Reputation: 111
I'm trying to scrape data from autotrader page and I managed to grab link to every offer on that page but when I'm trying to get data from every offer I get 403 requests status even though I'm using a header. What more can I do to get past it?
headers = {"User Agent": 'Mozilla/5.0 (Macintosh; Intel Mac OS X 10_15_7) AppleWebKit/537.36 (KHTML, like Gecko) '
'Chrome/85.0.4183.121 Safari/537.36'}
page = requests.get("https://www.autotrader.co.uk/car-details/202010145012219", headers=headers)
print(page.status_code) # 403 forbidden
content_of_page = page.content
soup = bs4.BeautifulSoup(content_of_page, 'lxml')
title = soup.find('h1', {'class': 'advert-heading__title atc-type-insignia atc-type-insignia--medium '})
print(title.text)
[for people that are in the same position: autotrader uses cloudflare to protect every "car-detail" page, so I would suggest using selenium for example]
Upvotes: 0
Views: 1303
Reputation: 1178
If you can manage to get the data via your browser, i.e. you somehow see this data in a website, then you can likely replicate that with requests.

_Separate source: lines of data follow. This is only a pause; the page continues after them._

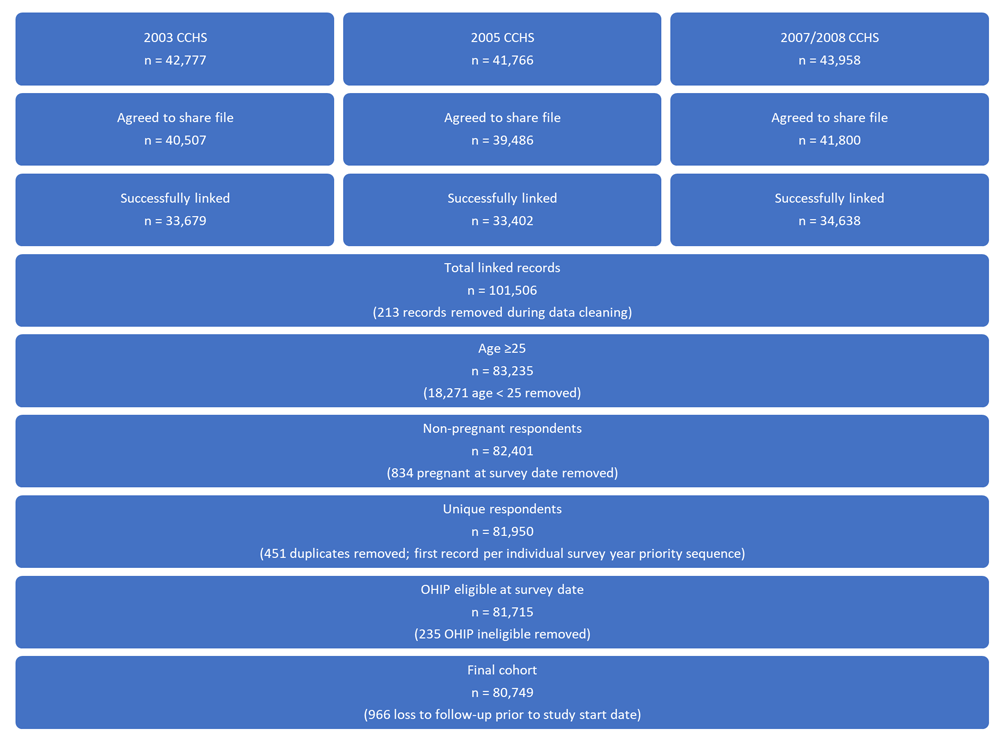 For the linked study cohort, the Ontario sample of the 2003, 2005, and 2007-2008 CCHS cycles provided 128,501 valid interviews. Of these respondents, a subset agreed to share and link their interview information and 101,506 were successfully linked to their provincial health card number using a deterministic and probabilistic algorithm. We included respondents aged 25 years and older if they were eligible for provincially funded health care and not pregnant at the time of survey administration. For individuals with multiple interviews, only the earliest interview was included. We excluded individuals who were lost to follow-up in the first year following their interview (i.e., they were not available at the beginning of the study). This resulted in a final cohort of 80,749 unique Ontario respondents (see Figure 1).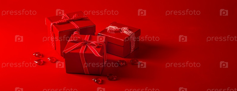 Две красные коробки с подарками и бантами, концепция Дня святого Валентина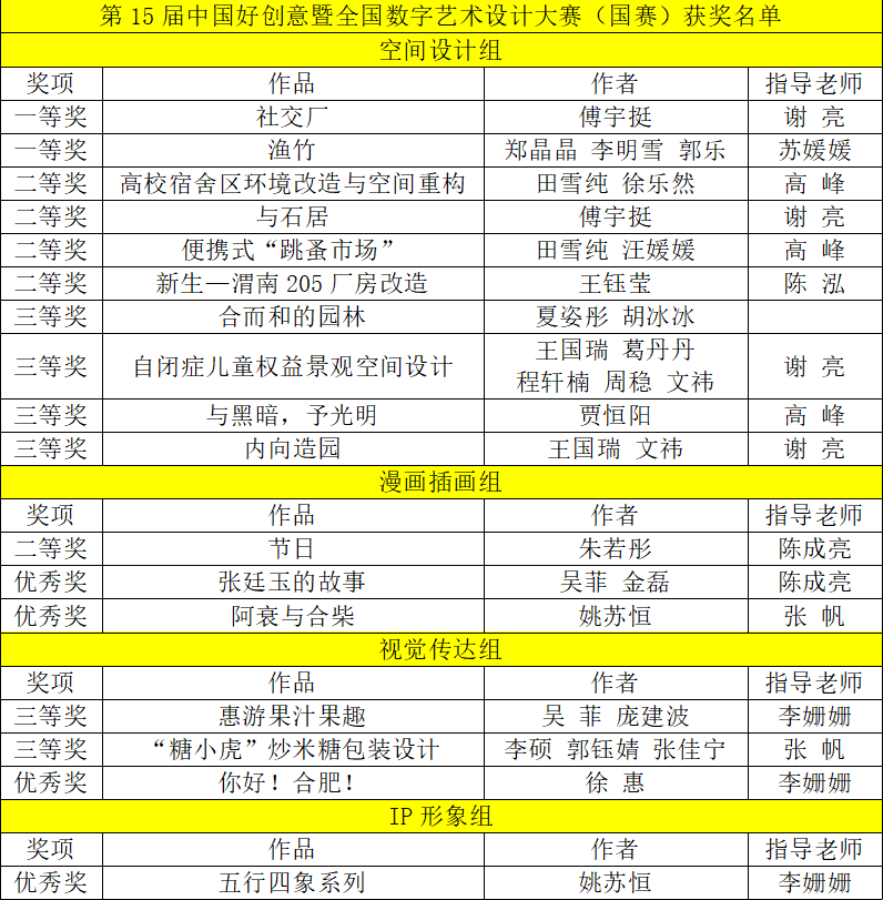 本网讯(艺术学院)近日,第15届中国好创意暨全国数字艺术设计大赛评审结果揭晓,我校艺术学院师生在本次大赛共获奖99项。其中,国赛获得一等奖2项,二等奖5项,三等奖6项,优秀奖4项;省赛获得一等奖16项,二等奖18项,三等奖20项,优秀奖28项。获奖作品涵盖了空间设计组、漫画插画组、视觉传达组、产品造型组、数字动画组和IP形象组等六个组别。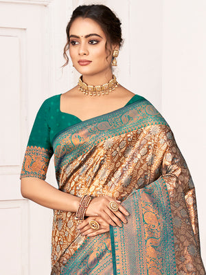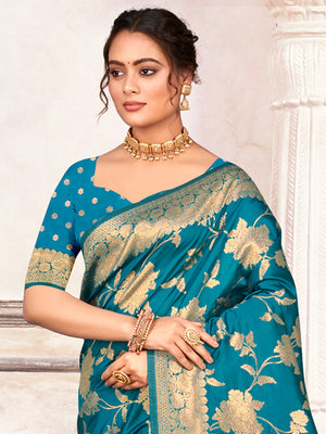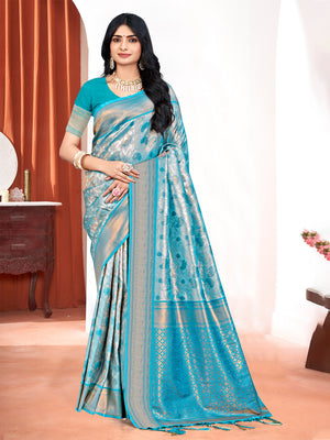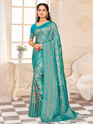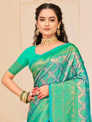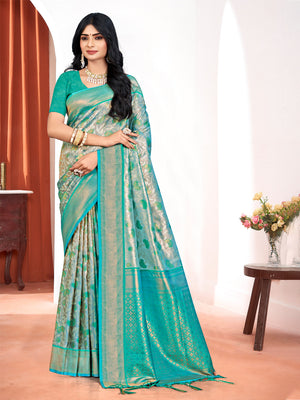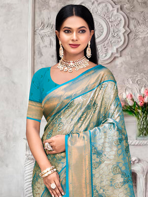 • Turquoise Kanjivaram Silk Saree With Blouse Piece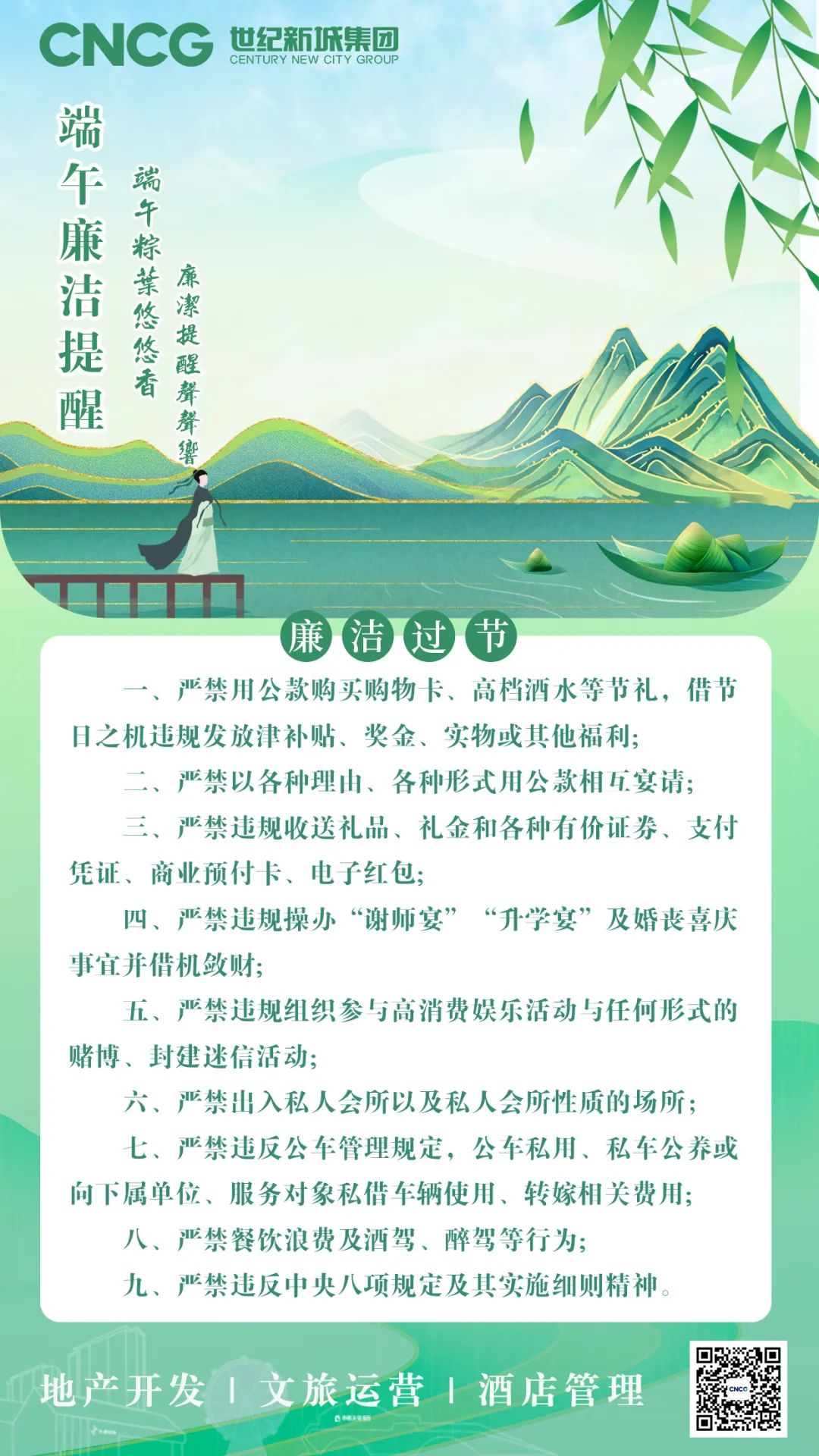 端午粽葉悠悠香,廉潔提醒聲聲響。假日風光無限好,各項禁忌要記牢。端午將至,為進一步貫徹落實中央八項規(guī)定精神,持續(xù)糾治“四風”,凈化節(jié)日風氣,江蘇世紀新城集團紀委提醒您:

Briefly, you need headers in your request to match the Browser's request:
Your browser sends tons of extra headers, you never know which ones are actually checked by the server so this technique will save you much time.
However, this might fail if there's some protection against blunt request copies, e.g. some temporary tokens, so the requests cannot be reused. In this case you need Selenium (browser emulation/automation), it's not difficult so it worth using.
Upvotes: 2